DATA BLOCK ▸
⟨

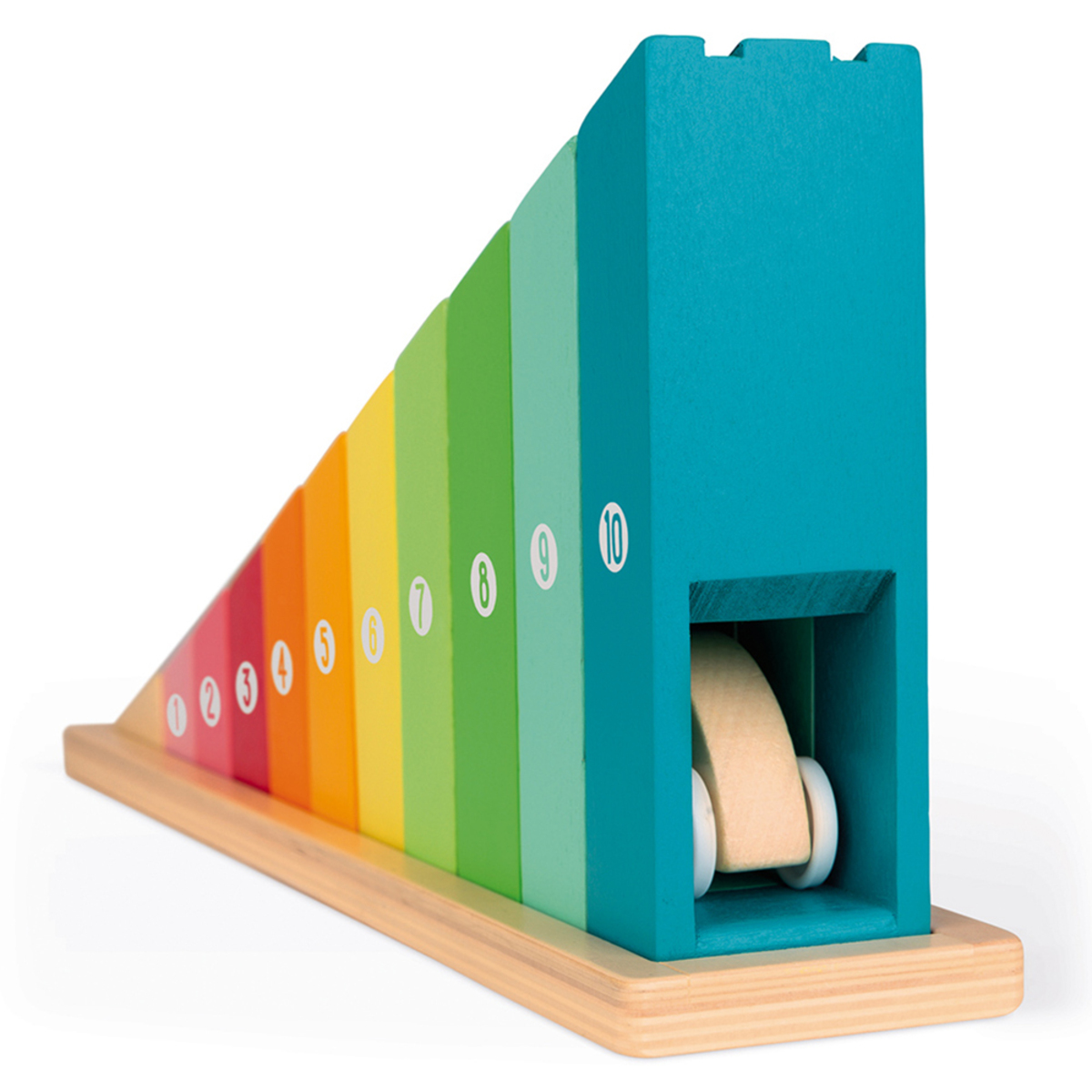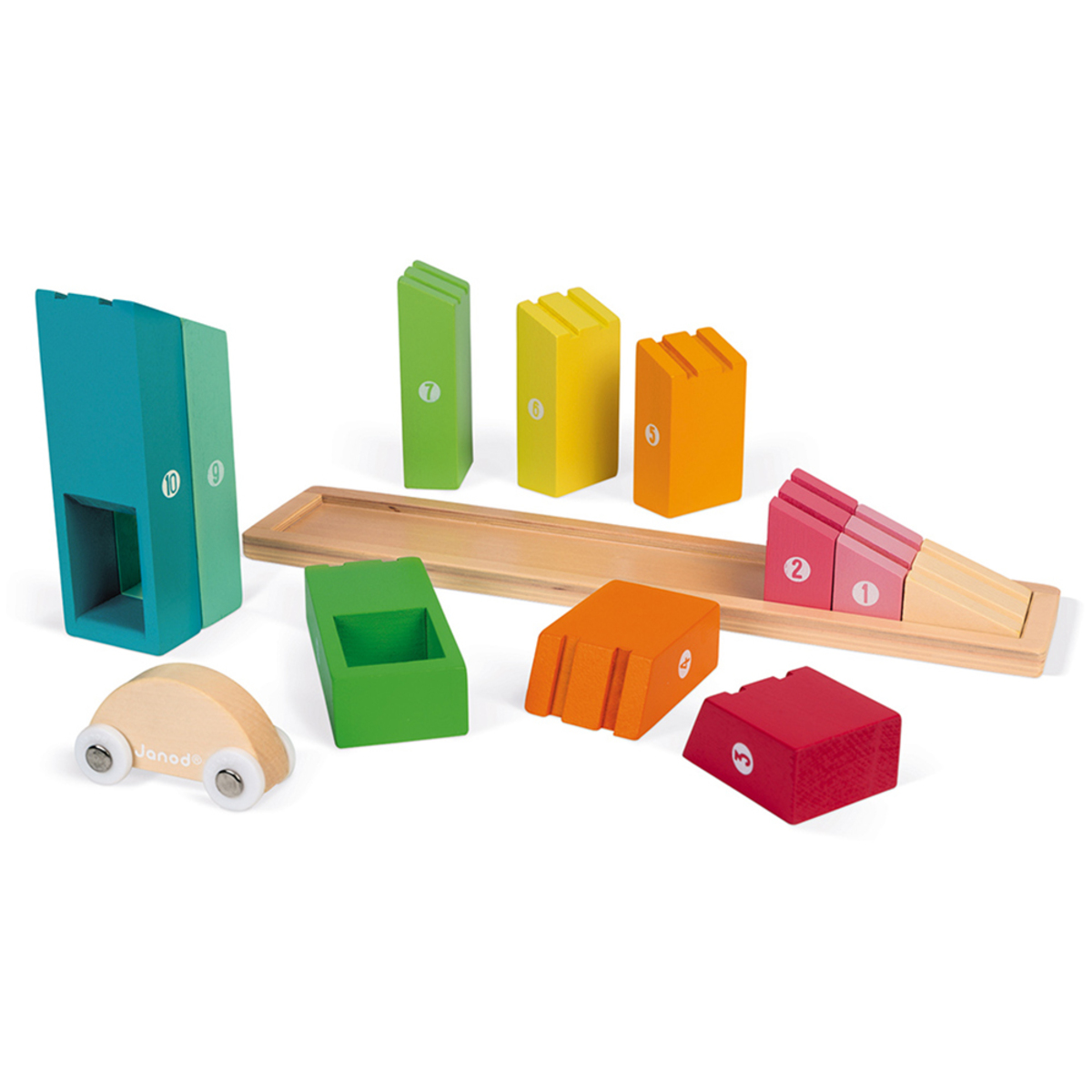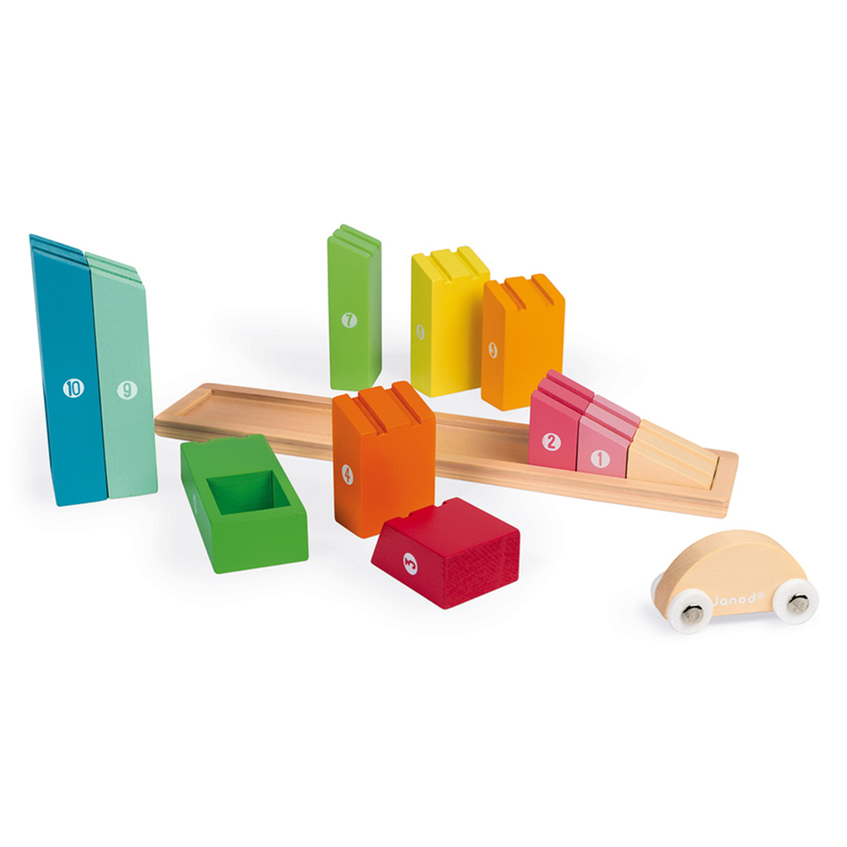 Ce jeu se compose de 10 morceaux de bois numérotés de 1 à 10. Chaque morceau est de taille et de couleur différente. Le but sera de les remettre dans l'ordre. En les organisant de façon crescendo, c'est à dire du plus petit au plus grand, un chemin pour la petite voiture se créera. Elle pourra alors entamer une descente à toute allure.
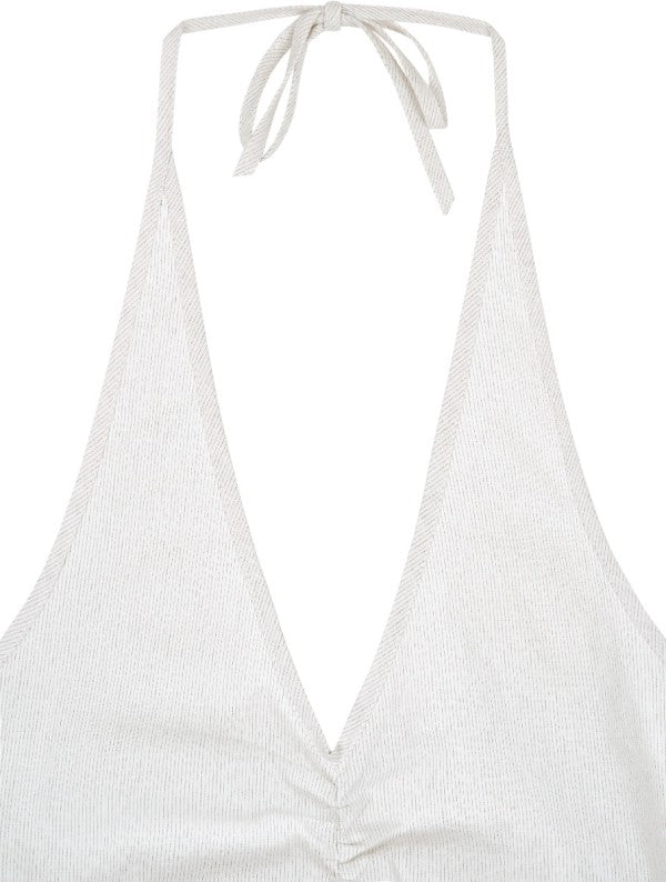 * Adjustable halter neck and striking open-back detail for a standout look.
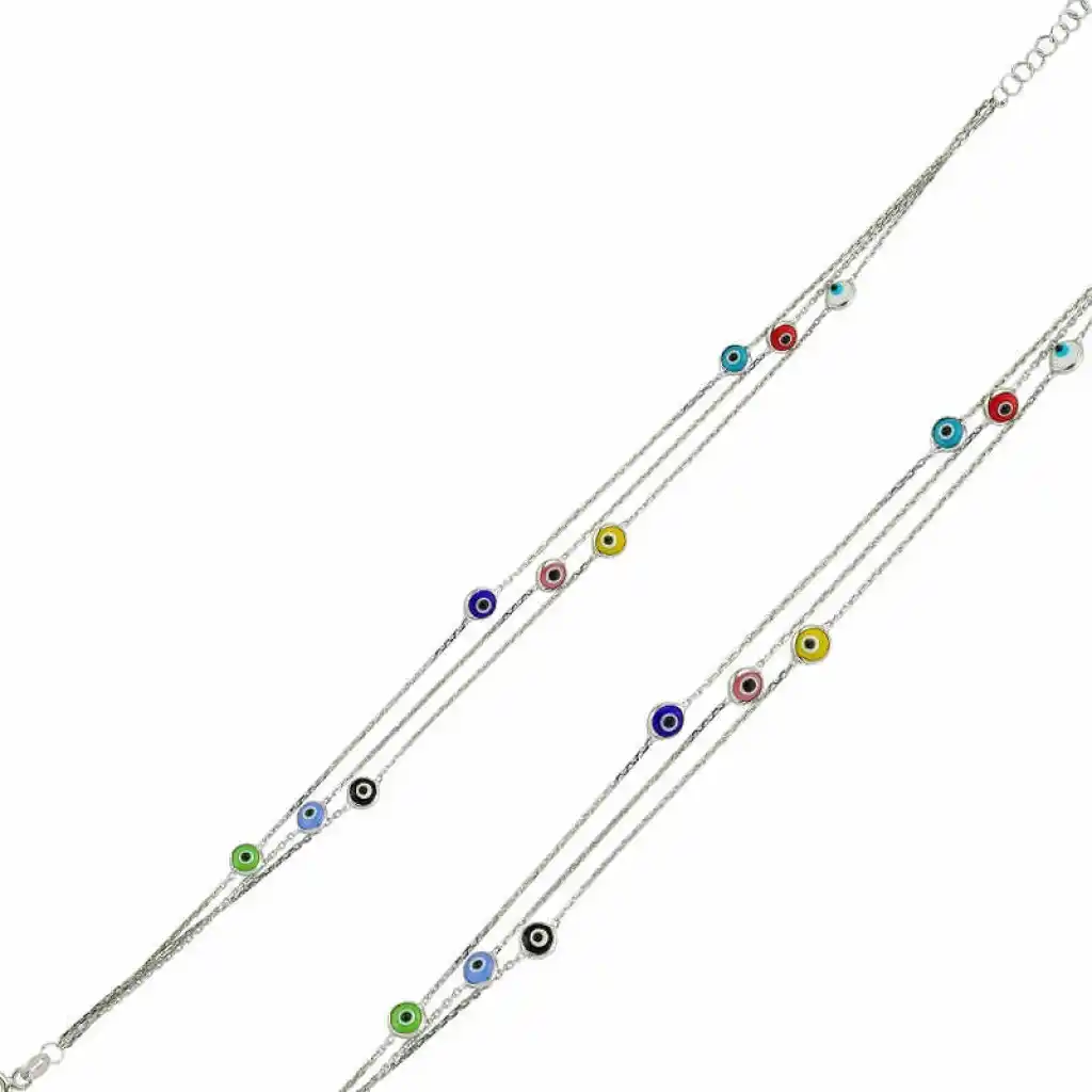 Nazar boncuğunu insanlar uzun yıllardan beri kötü bakıştan korunmak için kullanmışlardır. Kötü bakışların insanlar üzerinde olumsuz etki oluşturmasına karşı bir önlemdir nazar boncuğu… Bu sebeptendir ki insanlar sevdiklerini korumak için nazar boncuğu takmaktadır. Bu nazar bileklik de şıklığı ve zarafeti yansıtıyor. Rengarenk tasarımıyla göz alıcı şıklıkta... Her dönem sevilen ve şıklığından ödün vermeyen bu modeli; doğum günü hediyesi, sevgililer günü hediyesi veya annelere hediye olarak özel günlerde tercih edebilirsiniz. Renkli nazar bayan bileklik, 925 ayar gümüşten imal edilmiştir. Gümüş üzerine rodyum kaplama yapılmıştır. Rodyum kaplama yapılan gümüş bayan bileklikler parlaklığını uzun süre muhafaza eder, oksitlenmesi gecikir. Üzerinde bulunan taşlar camdır. Tüm gümüş bayan bilekliklerinde olduğu gibi bu gümüş renkli nazar bayan bileklik de tamamı el emeği ile üretilmiştir. Gümüş ve değerli taşlar nedeniyle belirtilen ortalama ürün ağırlığında ± %10 sapma olabilmektedir.
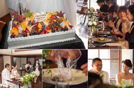 おふたりが何より大切にされたのがお料理。イチジクやぶどう、柿、栗など秋の味覚がたっぷり使われたウエディングケーキは“実りの秋”のコンセプトにふさわしい仕上がりです。「こんなに笑顔になれた時間と場所が心から幸せでした。篠山の地ならではの美味しいものでお客様をもてなし、寛いだ雰囲気でテーブルを囲む。お互いに気持ちを伝えあう素敵な一日になりました。

⟩

EXERCISE OBJECTIVE ▸ With the pictures set aside, return each line of the listing exactly as given.

REPLY ▸
 Ce jeu se compose de 10 morceaux de bois numérotés de 1 à 10. Chaque morceau est de taille et de couleur différente. Le but sera de les remettre dans l'ordre. En les organisant de façon crescendo, c'est à dire du plus petit au plus grand, un chemin pour la petite voiture se créera. Elle pourra alors entamer une descente à toute allure.
 * Adjustable halter neck and striking open-back detail for a standout look.
 Nazar boncuğunu insanlar uzun yıllardan beri kötü bakıştan korunmak için kullanmışlardır. Kötü bakışların insanlar üzerinde olumsuz etki oluşturmasına karşı bir önlemdir nazar boncuğu… Bu sebeptendir ki insanlar sevdiklerini korumak için nazar boncuğu takmaktadır. Bu nazar bileklik de şıklığı ve zarafeti yansıtıyor. Rengarenk tasarımıyla göz alıcı şıklıkta... Her dönem sevilen ve şıklığından ödün vermeyen bu modeli; doğum günü hediyesi, sevgililer günü hediyesi veya annelere hediye olarak özel günlerde tercih edebilirsiniz. Renkli nazar bayan bileklik, 925 ayar gümüşten imal edilmiştir. Gümüş üzerine rodyum kaplama yapılmıştır. Rodyum kaplama yapılan gümüş bayan bileklikler parlaklığını uzun süre muhafaza eder, oksitlenmesi gecikir. Üzerinde bulunan taşlar camdır. Tüm gümüş bayan bilekliklerinde olduğu gibi bu gümüş renkli nazar bayan bileklik de tamamı el emeği ile üretilmiştir. Gümüş ve değerli taşlar nedeniyle belirtilen ortalama ürün ağırlığında ± %10 sapma olabilmektedir.
 おふたりが何より大切にされたのがお料理。イチジクやぶどう、柿、栗など秋の味覚がたっぷり使われたウエディングケーキは“実りの秋”のコンセプトにふさわしい仕上がりです。「こんなに笑顔になれた時間と場所が心から幸せでした。篠山の地ならではの美味しいものでお客様をもてなし、寛いだ雰囲気でテーブルを囲む。お互いに気持ちを伝えあう素敵な一日になりました。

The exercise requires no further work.